The problem: Set down the whole listing below exactly. The pictures stay out.

Dataset:

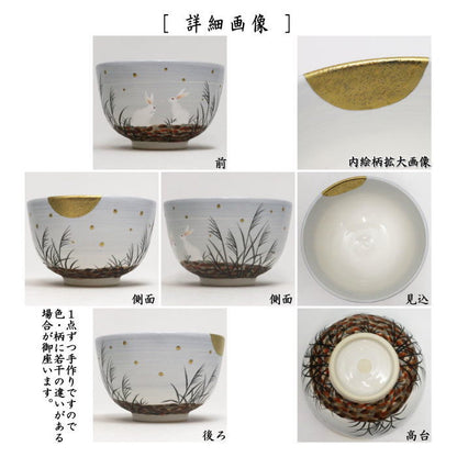 【茶器/茶道具 抹茶茶碗 お月見】 白釉 夕べ兎 山岡善高作
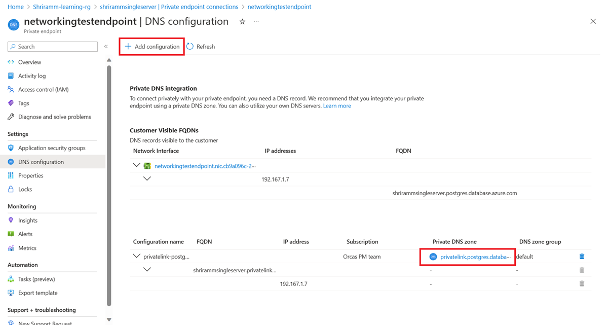 Go to the private endpoint for your single server and select the DNS configuration pane. Check whether a private DNS zone is attached to this endpoint. If not, attach a private DNS zone by selecting the Add Configuration button.
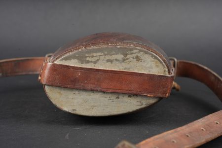Détails de la vente >Bidon de cavalerie 1884. En fer étamé, quart d’origine recouvert de sa gaine en cuir. La partie supérieure de la gourde est recouverte d’un tissu bleu horizon et porte une petite... en savoir plus
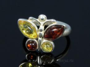 Кольцо посеребренное с янтарём бабочка медовый, коньячный
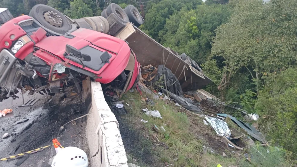 O impacto da batida foi extremamente violento: um dos caminhões tombou e o outro, pertencente a uma empresa de laticínios, teve a cabine completamente destruída. Parte da carga ficou espalhada pela pista, dificultando ainda mais a circulação no local.
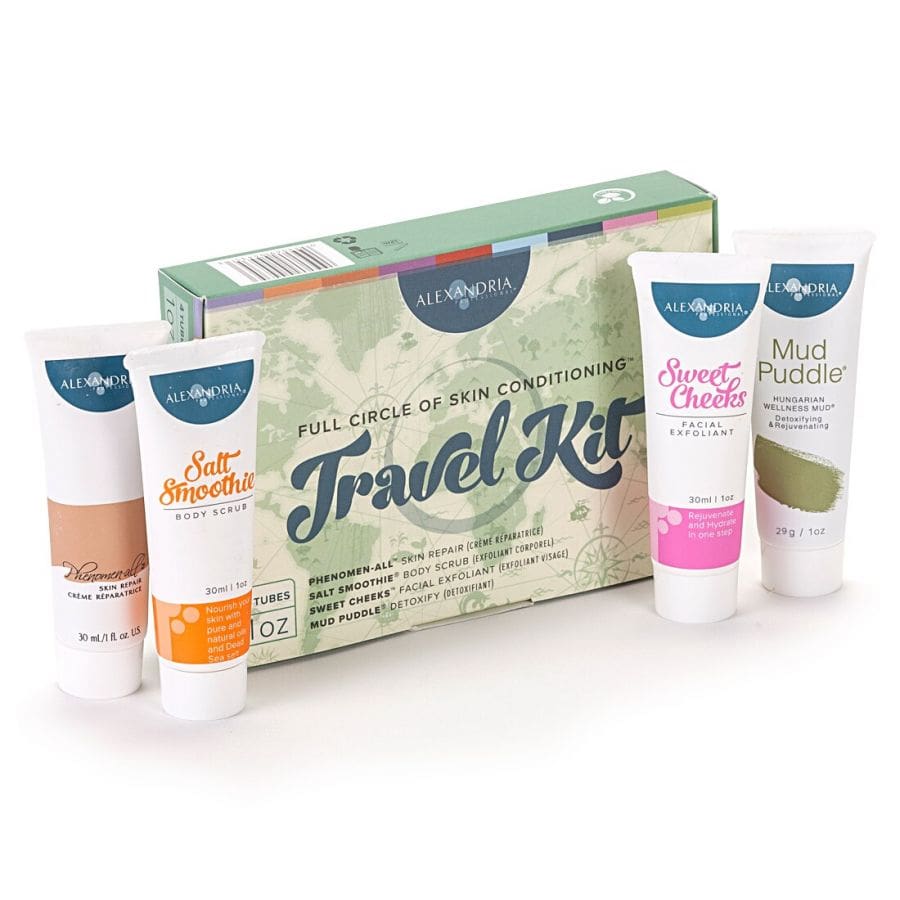 We’ve taken all the goodness of our Full Circle of Skin Conditioning program and created an all-in-one travel sized kit to take with you wherever you go! The Full Circle of Skin Conditioning™ Travel Kit includes 1oz tubes of Salt Smoothie®body scrub, Sweet Cheeks™ facial scrub, Mud Puddlewellness mask, and Phenomen-all™ skin repair cream.
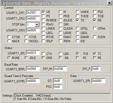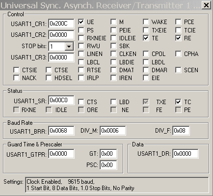 In der Initialisierung wird nicht das Baudatenregister(BRR) angegeben,
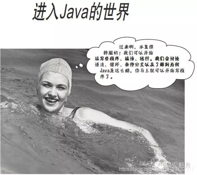 如果我之前没学过别的语言,或者半路出家转到计算机行业, 我不会先看上面那两本, 相反我会选《Head First Java》, 这本书非常适合零基础的小白, 读起来轻松搞笑, 不信你看看第一页。
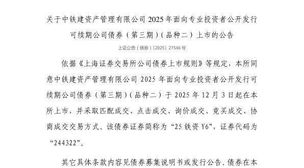 12月2日,上交所发布关于中铁建资产管理有限公司2025年面向专业投资者公开发行可续期公司债券 (第三期)(品种二)上市的公告。 来源:市场资讯 依据《上海证券交易所公司债券上市规则》等规定,上交所同意中铁建资产管理有限公司2025年面向专 业投资者公开发行可续期公司债券(第三期)(品种二)于2025年12月3日起在上交所上市,并采取匹 配成交、点击成交、询价成交、竞买成交、协商成交交易方式。该债券证券简称为"25铁资Y6",证券 代码为"244322"。 ...

Exercise result:
 【茶器/茶道具 抹茶茶碗 お月見】 白釉 夕べ兎 山岡善高作
 Go to the private endpoint for your single server and select the DNS configuration pane. Check whether a private DNS zone is attached to this endpoint. If not, attach a private DNS zone by selecting the Add Configuration button.
Détails de la vente >Bidon de cavalerie 1884. En fer étamé, quart d’origine recouvert de sa gaine en cuir. La partie supérieure de la gourde est recouverte d’un tissu bleu horizon et porte une petite... en savoir plus
 Кольцо посеребренное с янтарём бабочка медовый, коньячный
 O impacto da batida foi extremamente violento: um dos caminhões tombou e o outro, pertencente a uma empresa de laticínios, teve a cabine completamente destruída. Parte da carga ficou espalhada pela pista, dificultando ainda mais a circulação no local.
 We’ve taken all the goodness of our Full Circle of Skin Conditioning program and created an all-in-one travel sized kit to take with you wherever you go! The Full Circle of Skin Conditioning™ Travel Kit includes 1oz tubes of Salt Smoothie®body scrub, Sweet Cheeks™ facial scrub, Mud Puddlewellness mask, and Phenomen-all™ skin repair cream.
 In der Initialisierung wird nicht das Baudatenregister(BRR) angegeben,
 如果我之前没学过别的语言,或者半路出家转到计算机行业, 我不会先看上面那两本, 相反我会选《Head First Java》, 这本书非常适合零基础的小白, 读起来轻松搞笑, 不信你看看第一页。
 12月2日,上交所发布关于中铁建资产管理有限公司2025年面向专业投资者公开发行可续期公司债券 (第三期)(品种二)上市的公告。 来源:市场资讯 依据《上海证券交易所公司债券上市规则》等规定,上交所同意中铁建资产管理有限公司2025年面向专 业投资者公开发行可续期公司债券(第三期)(品种二)于2025年12月3日起在上交所上市,并采取匹 配成交、点击成交、询价成交、竞买成交、协商成交交易方式。该债券证券简称为"25铁资Y6",证券 代码为"244322"。 ...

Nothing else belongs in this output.